I then renamed the columns.
updated_new_cols = new_cols[:21] + updated_repeating_cols
df.columns = updated_new_cols
Cleaning the Data
The IRS documentation guide for the CSV file states: "For all the files, the money amounts are reported in thousands of dollars." For the original IRS data that I downloaded, it appeared that the column for "Child and other dependent credit amount" (column A07225) was in whole dollars, rather than thousands of dollars. I contacted the IRS to notify them of this error. They have now corrected this error, and there is no longer a need to correct for this error.

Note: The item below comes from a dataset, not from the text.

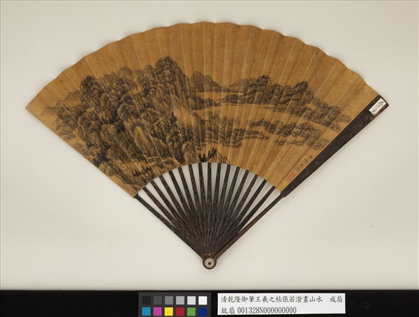 清乾隆御筆王羲之帖張若澄畫山水 成扇

Zip codes for some states (including Connecticut) begin with a leading zero. For example, the zip code for Essex, CT is 06426. The CSV file has truncated the leading zero for these zip codes. I did not change the data in the CSV file. Instead, my Python code checks to see if the zip code entered by the user starts with a zero. If it does, then the Python code truncates the zero so that it looks up the proper value in the database. The code also converts the input value from a string to an integer.
if zip_code.startswith('0'):
zip_code = int(zip_code[1:])
else:
zip_code = int(zip_code)
Sqlite3 Database
At first I used Pandas on the web server to look up the data for each requested zip code. However, it seemed that Pandas was putting a strain on the web server. Therefore, I decided to put the zip code data into a database, and have the web page query the database, rather than execute a Pandas filter each time. First, I created the database and used Pandas to populate the table in the database.
create_table_string = '''CREATE TABLE zip_codes (STATE text, ZIPCODE integer, N1 integer, MARS1 integer, MARS2 integer . . . '''
from pathlib import Path
Path('zip_data.db').touch()
import sqlite3
conn = sqlite3.connect('zip_data.db')
c = conn.cursor()
c.execute(create_table_string)
df.to_sql('zip_codes', conn, if_exists='append', index = False)
conn.close()
Flask
I typically use PHP to create the web pages on my website. However, I could not run Python on the back end using PHP. At least for now, I did not want to entirely move away from PHP, so I used Flask just for the single zip codes web page.
Using Flask and Python on the web server was a significant learning curve for me. Although I had some experience with Python, I had no experience with Flask, virtual environments, or WSGI files.
I had heard about virtual environments. However, when I just ran Python scripts on my own computer, I had never really understood the need for a virtual environment. Trying to use Flask on the web server, I soon realized that a virtual environment was necessary on the web server.
WSGI files really confused me at first. Once I realized that a WSGI file is like any other Python file, things moved forward much faster.
I still have a lot to learn, but this project has significantly advanced my knowledge of Python, Pandas, Flask, virtual environments, and more.